Утро принесло радость. Кто-то пел. Да и свету стало побольше. Некоторые уже ушли: искать пищу. Первой ласточкой в смысле пения был, как всегда, ученый. Юлий хотел было запеть, но передумал. Еще заметят, как ты поешь. Тоже ведь примета. Вместо этого он громко спросил:
— А кто здесь труп?
К нему тут же подскочил Нарцисс в гробу, Роман Любуев.
— Это не я, — возразил он.
Юлий по-черному поднял на него голову.
— А кто?
— Я не умираю, — заверещал сразу Роман, по-своему разболтавшийся и распустившийся последнее время, — я почти умираю и во время этого любуюсь собой. Потому что жалко себя становится и оттого еще больше смотрюсь и любуюсь. Зеркальце всегда при мне. Думаю, глядя на себя: ох, какой ты, несмотря ни на что, красивый; врешь, не уйдешь от меня, не уйдешь! Век буду собой любоваться и не умру до конца. Тихий я, новенький, поэтому стал. Чем больше умираю, тем больше люблю себя.
В стороне завыл воющий.
— Удавить вас всех надо, — не выдержал, почти зарычав, Юлий.

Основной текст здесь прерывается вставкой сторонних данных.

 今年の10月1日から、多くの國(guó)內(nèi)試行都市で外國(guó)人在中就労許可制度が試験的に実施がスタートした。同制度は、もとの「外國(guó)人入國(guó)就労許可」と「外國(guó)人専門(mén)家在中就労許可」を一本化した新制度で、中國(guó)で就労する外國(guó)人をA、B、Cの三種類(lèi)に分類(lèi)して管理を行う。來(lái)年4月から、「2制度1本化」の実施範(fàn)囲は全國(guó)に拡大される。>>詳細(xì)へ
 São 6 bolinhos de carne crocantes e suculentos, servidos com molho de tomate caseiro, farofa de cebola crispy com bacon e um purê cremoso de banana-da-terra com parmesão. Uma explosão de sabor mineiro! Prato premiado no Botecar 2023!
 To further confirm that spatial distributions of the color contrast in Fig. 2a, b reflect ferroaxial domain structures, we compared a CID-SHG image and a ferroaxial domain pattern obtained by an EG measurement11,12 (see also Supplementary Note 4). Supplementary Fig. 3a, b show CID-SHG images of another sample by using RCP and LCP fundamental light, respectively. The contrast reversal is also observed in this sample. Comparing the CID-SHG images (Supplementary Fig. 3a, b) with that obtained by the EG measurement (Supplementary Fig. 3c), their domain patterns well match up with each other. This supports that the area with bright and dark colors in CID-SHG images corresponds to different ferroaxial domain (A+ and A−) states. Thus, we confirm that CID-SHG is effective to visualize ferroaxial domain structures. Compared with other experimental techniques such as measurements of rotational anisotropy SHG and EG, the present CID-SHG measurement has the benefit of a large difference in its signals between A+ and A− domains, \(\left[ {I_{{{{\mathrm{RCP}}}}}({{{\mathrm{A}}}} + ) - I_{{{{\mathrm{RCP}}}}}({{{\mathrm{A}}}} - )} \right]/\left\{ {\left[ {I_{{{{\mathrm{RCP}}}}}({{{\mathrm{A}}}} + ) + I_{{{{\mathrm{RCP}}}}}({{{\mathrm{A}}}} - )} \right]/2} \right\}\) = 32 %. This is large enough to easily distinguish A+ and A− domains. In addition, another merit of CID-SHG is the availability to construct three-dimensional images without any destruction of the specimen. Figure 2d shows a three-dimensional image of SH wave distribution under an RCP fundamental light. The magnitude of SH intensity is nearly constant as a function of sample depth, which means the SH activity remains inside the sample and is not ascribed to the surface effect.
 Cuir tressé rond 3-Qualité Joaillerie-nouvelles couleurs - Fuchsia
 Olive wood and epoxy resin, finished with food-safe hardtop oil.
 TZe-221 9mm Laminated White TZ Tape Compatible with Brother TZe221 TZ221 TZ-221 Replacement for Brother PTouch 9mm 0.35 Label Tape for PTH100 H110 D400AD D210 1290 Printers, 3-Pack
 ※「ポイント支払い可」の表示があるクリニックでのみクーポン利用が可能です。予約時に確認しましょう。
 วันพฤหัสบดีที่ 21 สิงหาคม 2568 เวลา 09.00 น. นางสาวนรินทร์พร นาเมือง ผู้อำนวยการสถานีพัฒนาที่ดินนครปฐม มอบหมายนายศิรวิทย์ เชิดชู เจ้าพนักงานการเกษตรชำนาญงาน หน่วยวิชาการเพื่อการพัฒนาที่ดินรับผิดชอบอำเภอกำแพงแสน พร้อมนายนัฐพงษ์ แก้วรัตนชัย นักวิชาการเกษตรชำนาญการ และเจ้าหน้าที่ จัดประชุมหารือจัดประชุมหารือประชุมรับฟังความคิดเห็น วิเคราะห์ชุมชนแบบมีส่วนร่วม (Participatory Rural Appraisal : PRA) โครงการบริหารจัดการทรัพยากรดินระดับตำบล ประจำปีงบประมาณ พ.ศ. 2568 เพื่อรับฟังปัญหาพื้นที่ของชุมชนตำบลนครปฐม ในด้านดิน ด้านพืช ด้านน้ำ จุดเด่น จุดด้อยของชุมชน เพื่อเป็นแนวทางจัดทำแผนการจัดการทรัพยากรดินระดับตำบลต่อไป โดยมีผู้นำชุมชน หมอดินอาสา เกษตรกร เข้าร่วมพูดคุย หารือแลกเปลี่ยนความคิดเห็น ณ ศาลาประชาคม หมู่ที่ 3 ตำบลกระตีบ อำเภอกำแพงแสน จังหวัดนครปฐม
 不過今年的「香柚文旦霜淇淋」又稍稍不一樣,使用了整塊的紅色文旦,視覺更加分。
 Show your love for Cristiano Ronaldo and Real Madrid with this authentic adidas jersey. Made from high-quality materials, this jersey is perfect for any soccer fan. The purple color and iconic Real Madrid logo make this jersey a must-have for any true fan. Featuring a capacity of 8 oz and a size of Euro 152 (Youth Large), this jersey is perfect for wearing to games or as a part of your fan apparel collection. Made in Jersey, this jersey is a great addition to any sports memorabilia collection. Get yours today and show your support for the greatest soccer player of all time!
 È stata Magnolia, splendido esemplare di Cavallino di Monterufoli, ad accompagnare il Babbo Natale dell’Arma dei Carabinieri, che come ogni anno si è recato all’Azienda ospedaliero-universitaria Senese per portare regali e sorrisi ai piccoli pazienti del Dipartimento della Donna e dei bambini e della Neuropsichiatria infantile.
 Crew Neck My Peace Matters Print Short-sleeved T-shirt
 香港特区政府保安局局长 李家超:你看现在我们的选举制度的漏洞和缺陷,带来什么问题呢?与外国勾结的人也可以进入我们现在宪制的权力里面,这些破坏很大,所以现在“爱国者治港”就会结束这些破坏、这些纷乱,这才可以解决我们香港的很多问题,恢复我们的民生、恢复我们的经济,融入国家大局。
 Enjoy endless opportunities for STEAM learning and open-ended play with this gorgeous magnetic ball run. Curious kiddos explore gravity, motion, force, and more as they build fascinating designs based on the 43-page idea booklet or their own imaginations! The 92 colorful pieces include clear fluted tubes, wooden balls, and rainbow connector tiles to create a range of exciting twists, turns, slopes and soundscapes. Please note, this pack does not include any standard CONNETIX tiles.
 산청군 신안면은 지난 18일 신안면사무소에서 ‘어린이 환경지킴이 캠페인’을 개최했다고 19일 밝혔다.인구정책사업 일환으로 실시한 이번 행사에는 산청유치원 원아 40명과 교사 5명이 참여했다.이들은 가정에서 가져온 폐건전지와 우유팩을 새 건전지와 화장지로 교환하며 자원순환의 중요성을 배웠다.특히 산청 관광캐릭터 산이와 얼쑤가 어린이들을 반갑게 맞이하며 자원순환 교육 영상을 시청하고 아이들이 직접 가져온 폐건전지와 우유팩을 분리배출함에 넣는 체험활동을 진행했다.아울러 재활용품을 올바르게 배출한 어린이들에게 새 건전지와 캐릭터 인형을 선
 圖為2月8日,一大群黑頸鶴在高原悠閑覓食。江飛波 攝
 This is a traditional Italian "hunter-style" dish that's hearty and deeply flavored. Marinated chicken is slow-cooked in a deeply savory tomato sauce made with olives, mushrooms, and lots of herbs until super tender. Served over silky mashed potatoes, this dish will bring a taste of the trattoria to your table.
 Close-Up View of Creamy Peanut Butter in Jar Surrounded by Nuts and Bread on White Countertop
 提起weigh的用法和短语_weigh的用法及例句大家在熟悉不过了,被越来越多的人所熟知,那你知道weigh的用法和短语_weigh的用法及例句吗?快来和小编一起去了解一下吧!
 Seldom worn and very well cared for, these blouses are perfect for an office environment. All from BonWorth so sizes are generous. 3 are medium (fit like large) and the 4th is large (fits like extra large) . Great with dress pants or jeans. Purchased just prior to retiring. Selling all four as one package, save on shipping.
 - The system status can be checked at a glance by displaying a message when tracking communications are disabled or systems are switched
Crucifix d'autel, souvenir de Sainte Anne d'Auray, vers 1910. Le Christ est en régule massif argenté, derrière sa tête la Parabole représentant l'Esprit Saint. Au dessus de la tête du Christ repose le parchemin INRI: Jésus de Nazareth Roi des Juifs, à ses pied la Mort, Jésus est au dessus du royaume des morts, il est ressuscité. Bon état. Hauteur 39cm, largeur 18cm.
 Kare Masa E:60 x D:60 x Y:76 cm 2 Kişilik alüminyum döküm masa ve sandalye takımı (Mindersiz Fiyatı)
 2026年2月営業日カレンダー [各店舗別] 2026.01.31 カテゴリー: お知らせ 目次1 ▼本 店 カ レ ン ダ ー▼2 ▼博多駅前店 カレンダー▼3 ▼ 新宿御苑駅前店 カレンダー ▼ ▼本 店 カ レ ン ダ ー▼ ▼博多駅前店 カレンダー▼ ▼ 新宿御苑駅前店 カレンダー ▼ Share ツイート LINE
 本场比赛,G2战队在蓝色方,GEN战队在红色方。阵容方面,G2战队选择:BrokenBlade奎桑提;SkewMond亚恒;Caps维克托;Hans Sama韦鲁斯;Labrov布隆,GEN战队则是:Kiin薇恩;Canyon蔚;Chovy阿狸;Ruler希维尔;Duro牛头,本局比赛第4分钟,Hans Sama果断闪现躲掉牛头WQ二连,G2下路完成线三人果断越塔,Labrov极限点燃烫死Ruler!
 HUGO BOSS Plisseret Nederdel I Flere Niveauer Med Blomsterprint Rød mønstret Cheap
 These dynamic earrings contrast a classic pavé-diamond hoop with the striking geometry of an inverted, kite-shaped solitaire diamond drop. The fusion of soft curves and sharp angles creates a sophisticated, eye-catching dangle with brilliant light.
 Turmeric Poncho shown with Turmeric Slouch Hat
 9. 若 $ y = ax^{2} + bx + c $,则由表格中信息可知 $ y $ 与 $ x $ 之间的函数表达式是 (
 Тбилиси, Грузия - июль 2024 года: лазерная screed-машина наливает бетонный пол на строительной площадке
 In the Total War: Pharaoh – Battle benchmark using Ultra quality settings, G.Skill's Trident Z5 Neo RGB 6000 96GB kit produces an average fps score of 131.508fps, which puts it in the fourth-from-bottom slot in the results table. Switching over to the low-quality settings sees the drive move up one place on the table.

— Правильно, правильно! — взвизгнул Роман. — Именно удавить, но не до конца. Чтоб и удавленные, мы могли бы любоваться собой и в зеркало смотреть.
— Ладно, ладно, зубы-то не заговаривай, — раздраженно прервал Юлий. — А где же труп ваш, о котором ночью шептали?
Тут уж подошел воющий, Коля, переставший все-таки выть.
— Труп наш, Кружалов Семен, ушел от нас не так давно, — ответил он, — сказал, что хочет побродить по свету.
— Что ж это за свет такой, по которому трупы бродят? — завизжали в соседнем отсеке каким-то бабьим голосом. — Это не свет, а темень одна!
— Вот так нас понимают! Народ чего-то поглупел за последние два-три дня, — пожаловался Роман. — Семен свое решение сам на себя взял. Не придет больше к нам… Это тоже ему не легко далось: шутка ли — по Москве бродить? У нас грязно, но крыша над головой есть. А там ведь сейчас не время Максима Горького, чтоб в люди идти… Но Семен — человек страшный, он всех распугает.